CONTRIBUTOR
ARTICLE
To print this article, all you need is to be registered or login on Mondaq.com.

Copyright 2008, Blake, Cassels & Graydon LLP

Originally published in Blakes Bulletin on Securities Regulation, May 2008

Highlights

  • Issuers should develop a plan for the changeover to international financial reporting standards (IFRS) and disclose key elements of the plan in interim and annual MD&A beginning in 2008, three years before the changeover on January 1, 2011

  • More detailed information, including quantitative information if available, about the impact of IFRS should be provided in MD&A in the year prior to the changeover

  • Investment funds should disclose information about the impact of IFRS in either the management report of fund performance or the notes to the financial statements

BACKGROUND

In the recently published Staff Notice 52-320 Disclosure of Expected Changes in Accounting Policies Relating to Change over to International Financial Reporting Standards, the Canadian Securities Administrators (CSA) state that they expect issuers to disclose in their management's discussion and analysis (MD&A), beginning in 2008, expected changes resulting from the future adoption of international financial reporting standards (IFRS) as the basis for preparing their financial statements.

The Canadian Accounting Standards Board has confirmed that January 1, 2011 will be the changeover date for when IFRS will replace current Canadian accounting standards and interpretations as the generally accepted accounting principles for publicly accountable enterprises (including investment funds and other reporting issuers). (The CSA are currently considering allowing domestic issuers to adopt IFRS at an earlier date, but no decision has been made see CSA Concept Paper 52-402 Possible Changes to Securities Rules Relating to International Financial Reporting Standards.) Adoption of IFRS is expected to be a significant undertaking for issuers that may materially affect their reported financial position and certain results of operations, as well as certain business functions. Accordingly, CSA Staff have stated that they expect issuers to provide timely and meaningful information about these changes in their MD&A in a progressively more detailed manner, beginning three years before the adoption of IFRS.

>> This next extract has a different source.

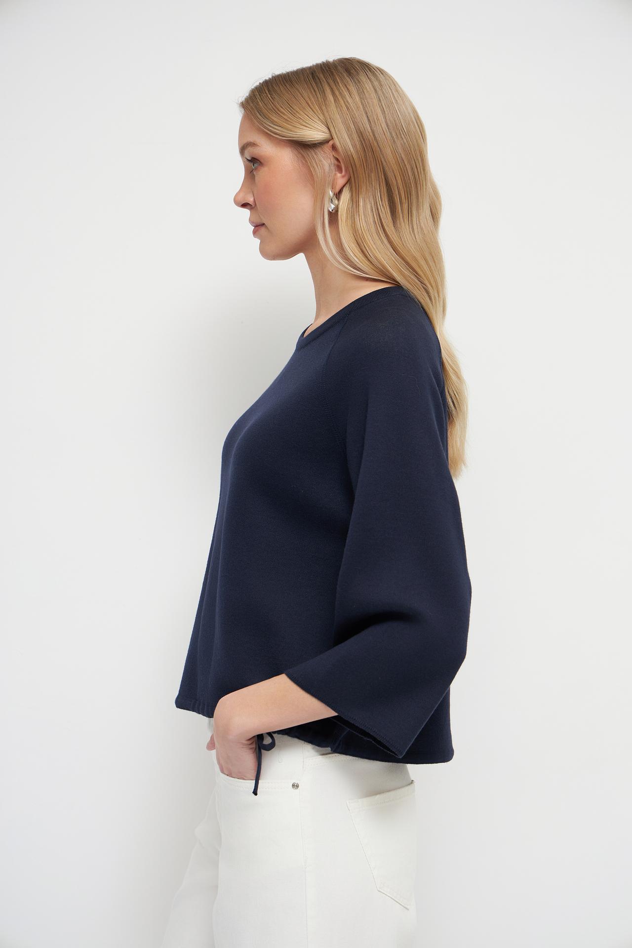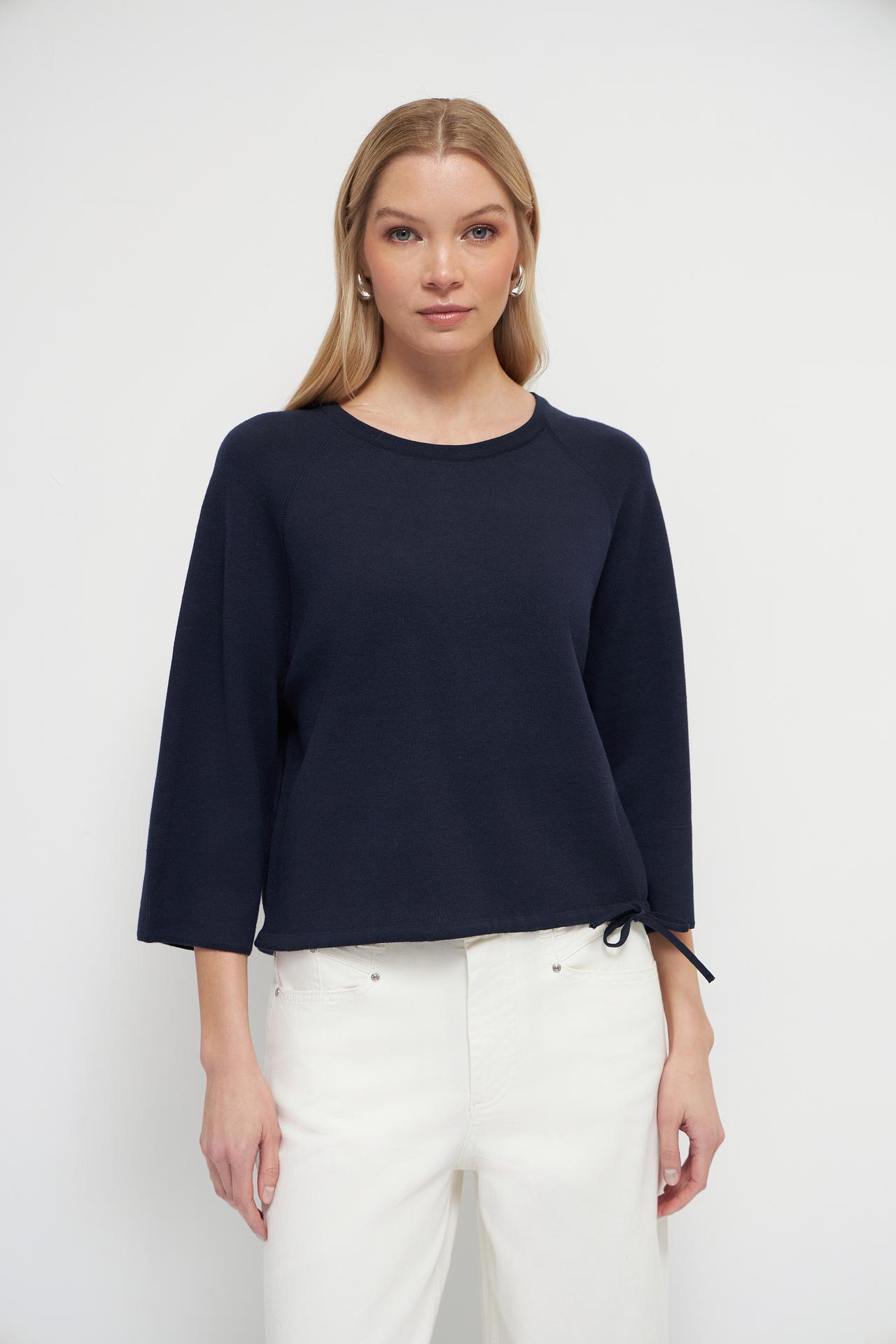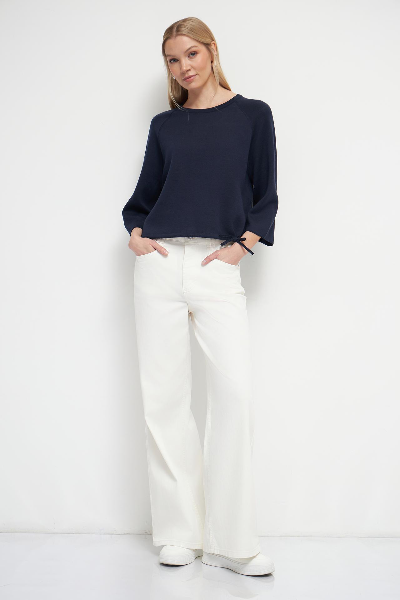 Модель дополнена функциональной кулиской внизу, что позволяет регулировать посадку и создавать желаемый образ. Пуловер прекрасно сочетается с джинсами, брюками и юбками, дополняя различные стили.
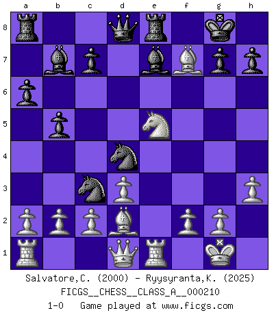Last move : 1-0 2019 May 8 6:49:12 [Event "FICGS__CHESS__CLASS_A__000210"] [Site "FICGS"] [Date "2019.04.30"] [Round "1"] [White "Salvatore,Carmine"] [Black "Ryysyranta,Kaaleppi"] [Result "1-0"] [WhiteElo "2000"] [BlackElo "2025"] 1.e4 e5 2.Nf3 Nc6 3.Bb5 a6 4.Ba4 Nf6 5.O-O Be7 6.Re1 b5 7.Bb3 O-O 8.h3 Bb7 9.d3 d5 10.exd5 Nxd5 11.Nxe5 Nd4 12.Bd2 Re8 13.Nc3 Nxc3 14.Bxf7+ 1-0 Ruy Lopez : Closed, 7...O-O Kingside Castling by player White (move 5) Kingside Castling by player Black (move 7) Player White won this chess game. Follow this game move after move (download)Chess is imagination. (David Bronstein) Am wohlsten fühle ich mich, wenn ich sehe, wie sich mein Gegner im Todeskampf windet. (Robert James Fischer) Bobby es el jugador de Ajedrez mas fino que este país jamás haya producido. Su memoria para las movidas, su brillantez en soñar combinaciones y su feróz determinación por la victoria son algo extraño. (John Collins) La vie et les Echecs sont tous les deux une lutte constante. (Lasker) May the force be with you. (Han Solo in Star Wars ep.4)

REPORTING ISSUERS OTHER THAN INVESTMENT FUNDS

The CSA are of the view that disclosure regarding the expected changes in accounting standards is required for reporting issuers other than investment funds by section 1.13(a) of the MD&A form requirements in Form 51-102F1, which requires disclosure relating to changes in accounting policies that an issuer expects to adopt subsequent to the end of its most recently completed financial year, including changes resulting from a new accounting standard that need not be adopted until a future date. Section 1.13(a) specifies that disclosure should include: (i) a description of the new standard; (ii) disclosure of the permitted methods of adoption and the method expected to be used; (iii) a discussion of the expected effects of the new standard on the issuer's financial statements; and (iv) a discussion of potential effects on the issuer's business.

The CSA recognize that issuers will likely only be able to provide limited information in the three and two years before the changeover to IFRS but expect issuers to provide more detailed information in the year prior to the changeover. As the changeover date approaches, the CSA state that issuers should consider how they might make available meaningful quantitative information to allow investors to understand the impact of the changeover to IFRS on the issuer's financial statements.

The CSA have provided the following guidance on disclosure to be included in interim and annual MD&A beginning three years before the changeover.

Interim and Annual MD&A Three Years Before Changeover to IFRS

An issuer should develop a plan for the changeover from Canadian GAAP to IFRS. If the changeover plan has been developed at the time the issuer prepares its interim MD&A for interim periods in the financial year three years before the changeover date (e.g., the financial year ending December 31, 2008 for issuers with a calendar year end), the issuer should disclose the key elements and timing of the changeover plan in its interim MD&A. No later than in its annual MD&A for that year, the issuer should discuss the status of the key elements and timing of the changeover plan.

CSA Staff indicate that key elements of the changeover plan may address the impact of IFRS on:

  • accounting policies, including choices among policies permitted under IFRS, and implementation decisions such as whether certain changes will be applied on a retrospective or a prospective basis;

  • information technology and data systems;

  • internal control over financial reporting;

  • disclosure controls and procedures, including investor relations and external communications plans;

  • financial reporting expertise, including training requirements; and

  • business activities, such as foreign currency and hedging activities, as well as matters that may be influenced by GAAP measures such as debt covenants, capital requirements and compensation arrangements.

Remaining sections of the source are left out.